Maintaining democratic freedoms essential for Tunisian economy: Analysts
Economic analysts stress need to maintain domestic stability to ensure economy prosperity, international support
By Alaa Hammoudi
Domestic stability and maintaining democracy and freedoms are far more important to the Tunisian economy than pressure or foreign stances regarding political developments in the country, according to experts.
Tunisia is undergoing a severe crisis as Tunisian President Kais Saied dismissed the government of Prime Minister Hichem Mechichi on Sunday, froze parliament and assumed executive authority with the assistance of a new prime minister.
Exceptional measures followed by others in the past days have put the country in a cautious calm and anticipation.
Positions of political parties, civil and labor organizations and Tunisians have varied between rejecting and supporting Saied's decisions amid calls for a national dialogue to overcome the crisis.
On the international scene, reactions also varied between supporting the measures of the president and others considered what happened a “coup” against democracy and a violation of the Constitution.
Reactions included the US, which expressed support for Tunisia in negotiations with international financial institutions in a statement by Deputy Assistant Treasury Secretary for Africa and the Middle East Eric Meyer on Wednesday during a meeting in the Tunisian capital of Tunis, with Marouane Abbasi, governor of the Tunisian Central Bank.
Tunisia is currently negotiating with the International Monetary Fund to obtain a $4 billion loan.
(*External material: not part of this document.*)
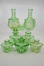 - Art déco Ensemble de toilette (8) - OuralineEnsemble art déco en verre uranium vert, huit pièces, fabriqué en europe, état moyen avec bouchons manquants, plusieurs éclats et une bouteille de parfum cassée.
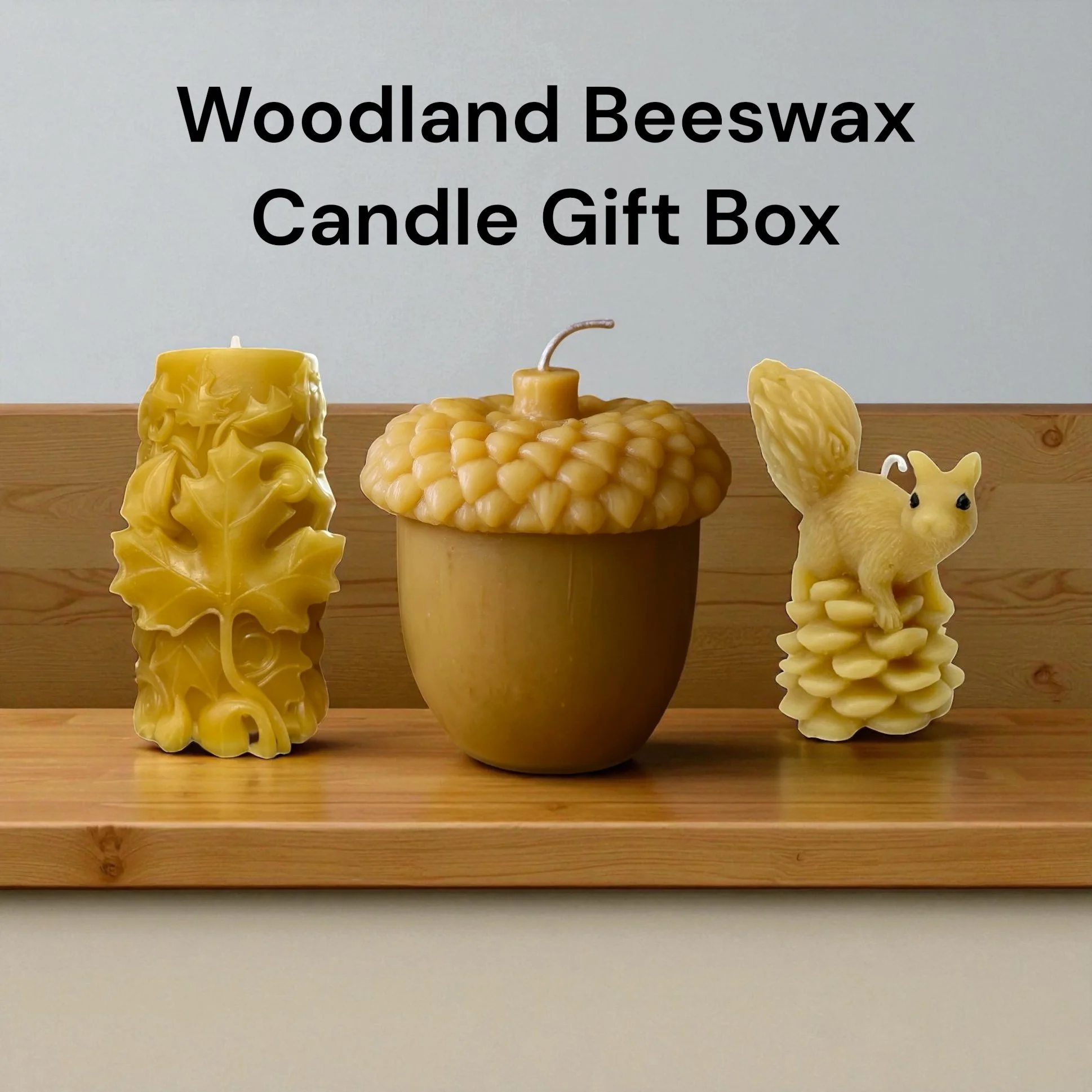 Woodland Beeswax Candle Gift Set-Tabitha Squirrel-Woodland Acorn & Leaf Forest Pillar

A
long those lines, Meyer affirmed the US' readiness to "support Tunisian endeavors, especially with international financial institutions, with the need to expedite the completion of negotiations with the International Monetary Fund to avoid an exacerbation of the economic crisis in Tunisia, which has been exacerbated by the repercussions of the health pandemic."
-External positions not guaranteed
Journalist and economic analyst Jannat Ben Abdallah told Anadolu Agency that she believes "the American position in continuing cooperation with Tunisia is positive and can at least give guarantees at the level of global financial markets and investors, provided that Tunisia does not deviate from its peaceful path."
She said political and economic aspects are intertwined and the current political crisis will have an impact on the economy, especially since Tunisia suffers from lacking liquidity.
Tunisia needs "external financing and the continuation of negotiations with the International Monetary Fund," she said, noting that "negotiations with the international currency have been disrupted due to political and governmental instability."
"As long as developments in Tunisia are unstable, and due to the waiting for other new changes to be issued by the Tunisian presidency, these situations and external reactions must be dealt with great caution," she said, stressing that the stance of the US toward Tunisia cannot be considered a "blank cheque."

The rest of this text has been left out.